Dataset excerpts
- - - - - - -

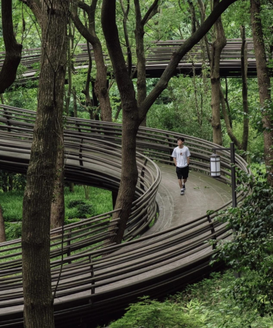 现今的西溪湿地内部自然体验设施多数是在平面上进行延伸,但是在湿地当中植被茂密的地方,垂直空间的探索更有待发掘,垂直景观廊道不断转换的高差和婉转的路线带给了游客更多的趣味性。
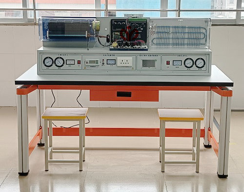 适合中等职业学校的制冷和空调设备运用与维修等专业的《制冷空调机器设备》《制冷空调装置的安装操作与维修》《制冷空调自动化》《空气调节技术与运用》等程的教学与实训。空调制冷制热实训台采用了变频技术,先将单相交流电源经整流桥整流成直流电,又经三相逆变桥把直流电“逆变”成频率任意可调的三相交流电,自动控制压缩机的速度达到节能的目的。另外新增加其它类型的空调、冰箱系统及电路十几 个机种,有利于学生更全面地掌握制冷制热技术。分体空调为立体结构,前面为仿真 室内机组,后部为仿真室外机组,室内机组改进为真实空调组件,外套真空调全透明外壳。冰箱方面也进行了改进,前后格分开:前面为冷冻室,后面为电冰箱压缩机、 工作室、加装温度调节器。
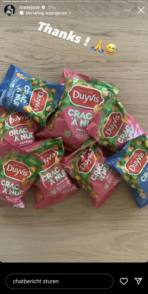 “Wat als je op nationale televisie zegt dat je van nootjes houdt en het enkele weken later de allereerste ‘fandag’ is”, schrijft hij op zijn Instagramverhaal. Je kan het al wel raden, hij werd namelijk verrast door zijn fans die allemaal hetzelfde hadden meegebracht naar het evenement. Daar plaatst hij ook meteen een foto van.
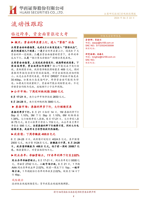 【华西证券】【20240622】流动性跟踪:临近跨季,资金面紧张迎大考-21页
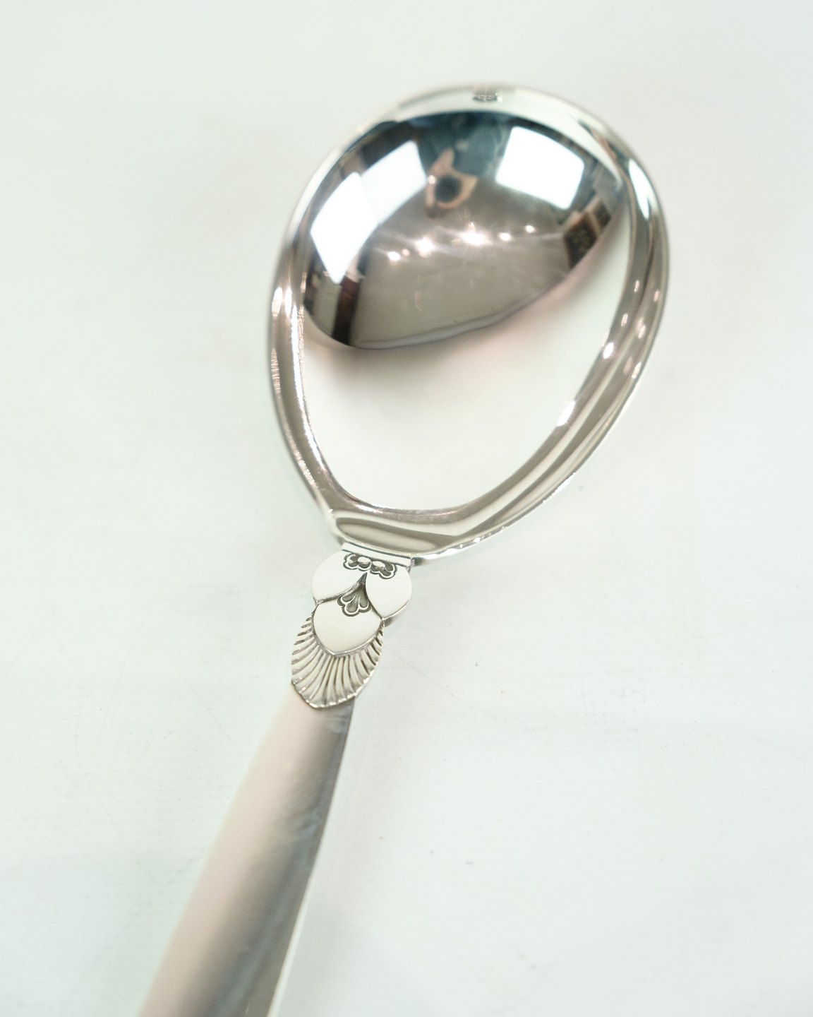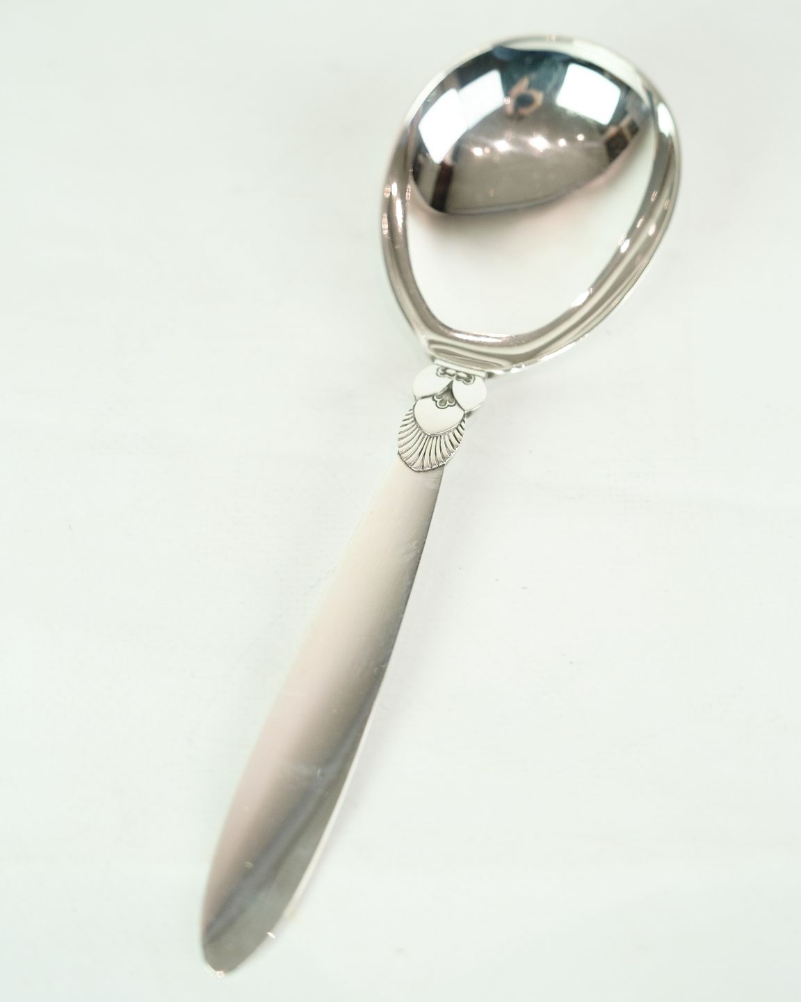 This Georg Jensen Kaktus vintage silver serving spoon is a beautiful and practical addition to your dining table. Designed by Gundorph Albertus in 1930 and crafted in sterling silver, this spoon exudes tradition, quality and elegance. Although in a nice used condition with normal signs of use, it will still bring a touch of charm to your next dinner. Own this unique and beautiful silver cutlery today.

- - - - - - -

#### [Task instructions]
An exact copy is required of the lines from the one holding "een foto van." to the end of the entries above, both included; no pictures belong in it.

#### [Output for this task]
 “Wat als je op nationale televisie zegt dat je van nootjes houdt en het enkele weken later de allereerste ‘fandag’ is”, schrijft hij op zijn Instagramverhaal. Je kan het al wel raden, hij werd namelijk verrast door zijn fans die allemaal hetzelfde hadden meegebracht naar het evenement. Daar plaatst hij ook meteen een foto van.
 【华西证券】【20240622】流动性跟踪:临近跨季,资金面紧张迎大考-21页
 This Georg Jensen Kaktus vintage silver serving spoon is a beautiful and practical addition to your dining table. Designed by Gundorph Albertus in 1930 and crafted in sterling silver, this spoon exudes tradition, quality and elegance. Although in a nice used condition with normal signs of use, it will still bring a touch of charm to your next dinner. Own this unique and beautiful silver cutlery today.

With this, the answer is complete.